# pre-Phillips



## rainydayz (Feb 25, 2014)

I'm a newbie round here so this might seem a silly question but what is a pre-Phillips Gaggia and how does it affect the machine, its cost and its performance?


----------



## Glenn (Jun 14, 2008)

Philips took over Gaggia and the size of the solenoids appears to have changed.

Owners have reported that they are a little smaller making them more susceptible to scaling up.

Most people will not be affected by this, but during cleaning processes the solenoid may get a little blocked up.


----------



## The Systemic Kid (Nov 23, 2012)

rainydayz said:


> I'm a newbie round here so this might seem a silly question but what is a pre-Phillips Gaggia and how does it affect the machine, its cost and its performance?
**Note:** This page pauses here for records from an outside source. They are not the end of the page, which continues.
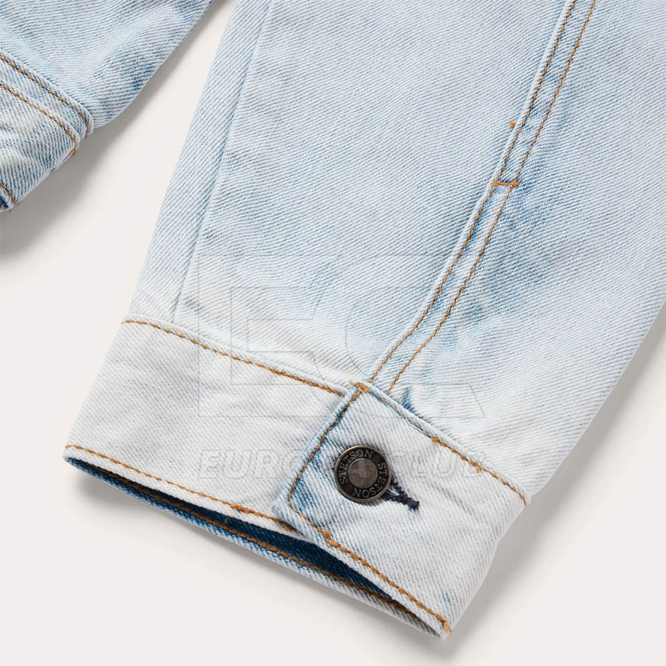 แจ็คเก็ตยีนส์ผู้ชายทรงสลิมฟิต ผลิตในปากีสถาน เหมาะสำหรับสวมใส่ลำลองและกิจกรรมกลางแจ้ง พร้อมบริการสั่งทำตามแบบ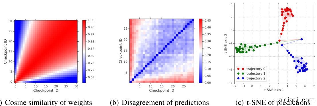 图 2: 在CIFAR-10数据集上使用SmallCNN的结果。左图: 检查点之间的余弦相似度,用于衡量优化轨迹上的权重空间对齐程度。中图: 不同检查点预测结果不一致的标签比例。右图: 对应3条不同随机初始化轨迹(不同颜色)的检查点预测结果的t-SNE可视化。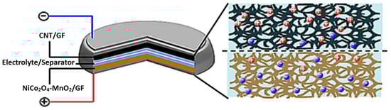 In 2017, Liu [] developed a 3D foam-like MnO2 film/multilayer graphene film/Ni foam (MnO2/MGF/NF) for flexible supercapacitors (Figure 10).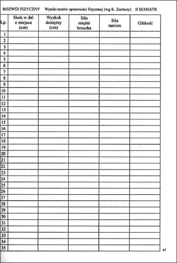 Dzienniczek nauczyciela WF (wychowania fizycznego)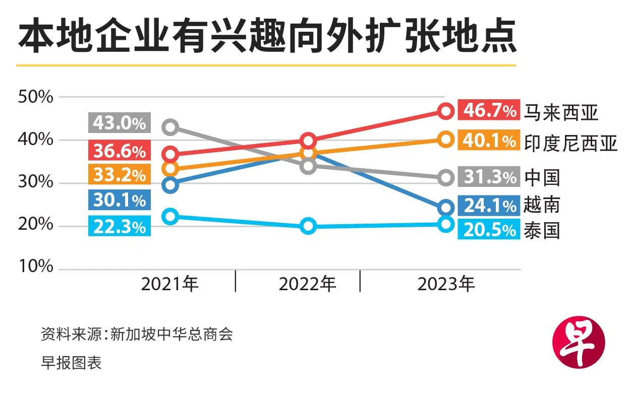 不过,本地企业对中国和越南的兴趣递减。有意到中国发展的企业占比,从2021年的43%,滑落至去年的31.3%。此外,有意到越南拓展业务的本地企业占比,也从2022年的37.2%,大幅跌至24.1%。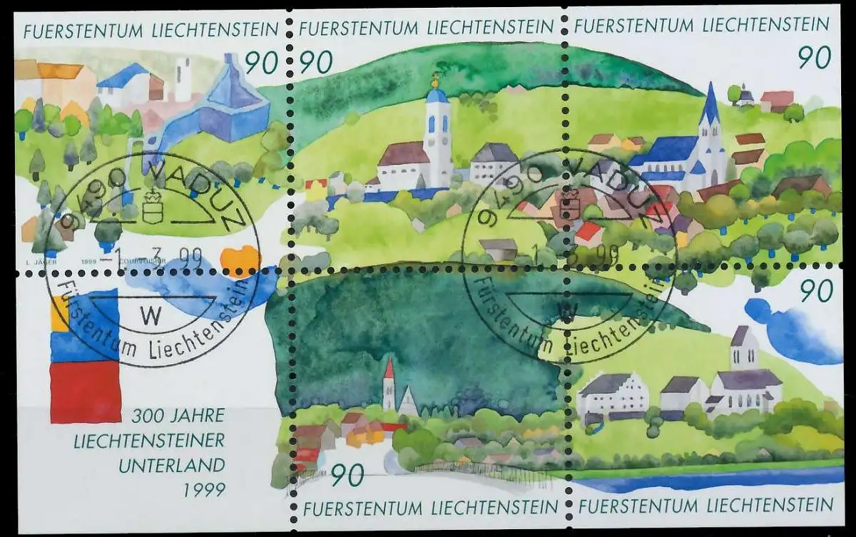 Blockausgabe 300 Jahre Liechtensteiner Unterland (MichelNr.: 1195, 1196, 1197, 1198, 1199)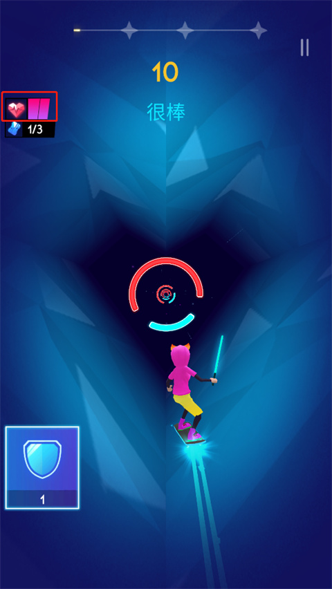 4、左上方的是血条,失误一次会消耗一格血条,血条见底游戏就会结束;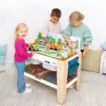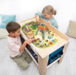 Mehr als nur ein Spieltisch.- Die große Tischplatte kann ohne Matte auch hervorragend zum Malen, Basteln oder für Bauprojekte mit Bausteinen genutzt werden. Er ist ein echter Alleskönner für den Gruppenraum.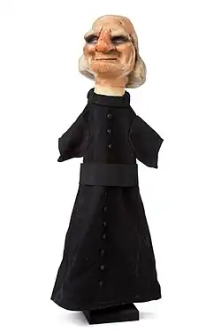 Deze pop, die gebaseerd is op de patroongeestelijke van de parochiegeestelijken, Jean – Baptiste Marie Vianney (Dardilly, 1786 – Ars, 1859), heeft een smal gezicht en lang, grijs haar. Na verloop van tijd wordt ook gewezen op de gelijkenissen met Hugo Verriest, priester, leerling en verdediger van Guido Gezelle. De pastoor heeft een eenvoudige en diepe beleving van het geloof. |

Not a silly question at all - if you don't ask, you won't learn. Gaggia were acquired by Philips in 2009. Some minor changes were made to the Classic - the three way solenoid was replaced with an allegedly less powerful one. Current Classics are sold with a pressurised portafilter basket. This allows a decent crema (foam) to be achieved with pretty coarse grind. To achieve the higher pressure needed, Classics are set to produce pressure in the region of 15bar - not ideal for real espresso. Most post Phillips savvy Classic purchasers, adjust the pressure down to around 9bar and ditch the pressurised basket and use a stock one. Not difficult to adjust bar pressure down - but a modified portafilter with a manometer fixed to it is needed to register actual pressure at group head whilst the OPV (over pressure valve) is adjusted.

Have a look at this:


----------



## rainydayz (Feb 25, 2014)

thanks for info!


----------



## Yes Row (Jan 23, 2013)

Quick question on this, I have acquired a Classic in excellent condition. It has what appears to be date on the bottom of 09/05 (i guess this is that simple) The PF is not pressurised and i do not believe the last owner de-pressurised the machine...back to the question, where pre-phillips classics sold un-pressurised?


----------



## coffeechap (Apr 5, 2012)

that is a pre phillips classic! and yes normal baskets not pressurised


----------



## Yes Row (Jan 23, 2013)

Excellent, just backflushed it, de-scaled it and generally cleaned it and made an Espresso. Crack'in machine, never used on before

Going to play with it a bit and sell it on


----------



## oracleoftruth (Jan 15, 2014)

It'll go quick on here judging from the number of people who are recommended them. Good luck!


----------



## m4lcs67 (Mar 16, 2014)

I do love my Classic. Yes there is the year of manufacture on the bottom. Mine is 2010. It does have the pressurised baskets, but I am going to change them to the standard ones. Also contemplating doing the OPV mod, but I don't have the pressure gauge to do it with. Is there someone on the forum who hires them out? No point in buying one as you'll only need it once. Also why is the pressure reduced when you use the non pressurised baskets? To my mind it would be because the machine would need a higher pressure to force the water through the pressurised basket (as it only has 1 small hole) whereas the non pressurised basket wouldn't need to force the water through as much (although you are using a finer coffee and tamping hard). Can someone enlighten me? It is always good to know these things.


----------



## The Systemic Kid (Nov 23, 2012)

With non-pressurised, around 9 bar is about right to maximise flow through the compressed puck. Above that bar pressure, the increased pressure compresses the puck and actually restricts flow.


----------